• _ASSIGNMENT_: Repeat the records. Leave nothing out.

------

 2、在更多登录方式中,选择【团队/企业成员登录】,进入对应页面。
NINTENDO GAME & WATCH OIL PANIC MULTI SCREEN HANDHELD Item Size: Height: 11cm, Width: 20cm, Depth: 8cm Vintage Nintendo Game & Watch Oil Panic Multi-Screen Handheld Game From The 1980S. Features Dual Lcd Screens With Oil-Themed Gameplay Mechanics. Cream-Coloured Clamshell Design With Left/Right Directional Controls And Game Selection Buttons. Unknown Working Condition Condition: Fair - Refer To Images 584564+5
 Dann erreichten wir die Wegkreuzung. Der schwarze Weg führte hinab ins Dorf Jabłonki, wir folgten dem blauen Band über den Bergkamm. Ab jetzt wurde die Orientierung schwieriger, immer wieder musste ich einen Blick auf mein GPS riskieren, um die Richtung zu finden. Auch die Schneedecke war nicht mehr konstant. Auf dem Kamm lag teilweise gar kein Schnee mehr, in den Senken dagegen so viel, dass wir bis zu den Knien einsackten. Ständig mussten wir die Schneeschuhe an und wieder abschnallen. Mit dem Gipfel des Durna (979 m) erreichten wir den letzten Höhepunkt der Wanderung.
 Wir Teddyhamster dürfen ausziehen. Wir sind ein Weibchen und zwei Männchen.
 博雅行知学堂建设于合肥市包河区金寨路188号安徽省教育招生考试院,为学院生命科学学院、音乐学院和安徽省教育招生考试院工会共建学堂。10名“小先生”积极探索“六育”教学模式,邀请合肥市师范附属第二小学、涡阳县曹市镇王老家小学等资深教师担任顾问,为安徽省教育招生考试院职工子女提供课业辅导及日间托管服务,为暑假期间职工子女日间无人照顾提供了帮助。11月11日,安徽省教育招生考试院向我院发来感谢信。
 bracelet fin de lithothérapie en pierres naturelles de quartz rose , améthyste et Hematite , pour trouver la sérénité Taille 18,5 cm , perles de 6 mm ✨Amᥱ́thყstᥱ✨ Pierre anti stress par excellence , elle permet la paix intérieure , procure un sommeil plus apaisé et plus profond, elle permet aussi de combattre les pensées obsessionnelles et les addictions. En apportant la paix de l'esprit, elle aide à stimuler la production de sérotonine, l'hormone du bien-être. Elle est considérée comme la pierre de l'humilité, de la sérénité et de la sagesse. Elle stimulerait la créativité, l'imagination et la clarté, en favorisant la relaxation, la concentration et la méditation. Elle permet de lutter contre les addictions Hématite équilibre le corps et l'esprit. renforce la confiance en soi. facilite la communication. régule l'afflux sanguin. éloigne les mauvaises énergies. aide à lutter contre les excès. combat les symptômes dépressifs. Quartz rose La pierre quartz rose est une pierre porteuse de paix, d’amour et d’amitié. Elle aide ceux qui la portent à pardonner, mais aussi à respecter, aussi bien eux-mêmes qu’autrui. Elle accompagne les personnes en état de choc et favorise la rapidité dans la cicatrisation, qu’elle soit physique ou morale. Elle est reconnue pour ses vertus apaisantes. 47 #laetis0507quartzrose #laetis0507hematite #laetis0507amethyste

------

• _WRITTEN RESPONSE_:
 2、在更多登录方式中,选择【团队/企业成员登录】,进入对应页面。
NINTENDO GAME & WATCH OIL PANIC MULTI SCREEN HANDHELD Item Size: Height: 11cm, Width: 20cm, Depth: 8cm Vintage Nintendo Game & Watch Oil Panic Multi-Screen Handheld Game From The 1980S. Features Dual Lcd Screens With Oil-Themed Gameplay Mechanics. Cream-Coloured Clamshell Design With Left/Right Directional Controls And Game Selection Buttons. Unknown Working Condition Condition: Fair - Refer To Images 584564+5
 Dann erreichten wir die Wegkreuzung. Der schwarze Weg führte hinab ins Dorf Jabłonki, wir folgten dem blauen Band über den Bergkamm. Ab jetzt wurde die Orientierung schwieriger, immer wieder musste ich einen Blick auf mein GPS riskieren, um die Richtung zu finden. Auch die Schneedecke war nicht mehr konstant. Auf dem Kamm lag teilweise gar kein Schnee mehr, in den Senken dagegen so viel, dass wir bis zu den Knien einsackten. Ständig mussten wir die Schneeschuhe an und wieder abschnallen. Mit dem Gipfel des Durna (979 m) erreichten wir den letzten Höhepunkt der Wanderung.
 Wir Teddyhamster dürfen ausziehen. Wir sind ein Weibchen und zwei Männchen.
 博雅行知学堂建设于合肥市包河区金寨路188号安徽省教育招生考试院,为学院生命科学学院、音乐学院和安徽省教育招生考试院工会共建学堂。10名“小先生”积极探索“六育”教学模式,邀请合肥市师范附属第二小学、涡阳县曹市镇王老家小学等资深教师担任顾问,为安徽省教育招生考试院职工子女提供课业辅导及日间托管服务,为暑假期间职工子女日间无人照顾提供了帮助。11月11日,安徽省教育招生考试院向我院发来感谢信。
 bracelet fin de lithothérapie en pierres naturelles de quartz rose , améthyste et Hematite , pour trouver la sérénité Taille 18,5 cm , perles de 6 mm ✨Amᥱ́thყstᥱ✨ Pierre anti stress par excellence , elle permet la paix intérieure , procure un sommeil plus apaisé et plus profond, elle permet aussi de combattre les pensées obsessionnelles et les addictions. En apportant la paix de l'esprit, elle aide à stimuler la production de sérotonine, l'hormone du bien-être. Elle est considérée comme la pierre de l'humilité, de la sérénité et de la sagesse. Elle stimulerait la créativité, l'imagination et la clarté, en favorisant la relaxation, la concentration et la méditation. Elle permet de lutter contre les addictions Hématite équilibre le corps et l'esprit. renforce la confiance en soi. facilite la communication. régule l'afflux sanguin. éloigne les mauvaises énergies. aide à lutter contre les excès. combat les symptômes dépressifs. Quartz rose La pierre quartz rose est une pierre porteuse de paix, d’amour et d’amitié. Elle aide ceux qui la portent à pardonner, mais aussi à respecter, aussi bien eux-mêmes qu’autrui. Elle accompagne les personnes en état de choc et favorise la rapidité dans la cicatrisation, qu’elle soit physique ou morale. Elle est reconnue pour ses vertus apaisantes. 47 #laetis0507quartzrose #laetis0507hematite #laetis0507amethyste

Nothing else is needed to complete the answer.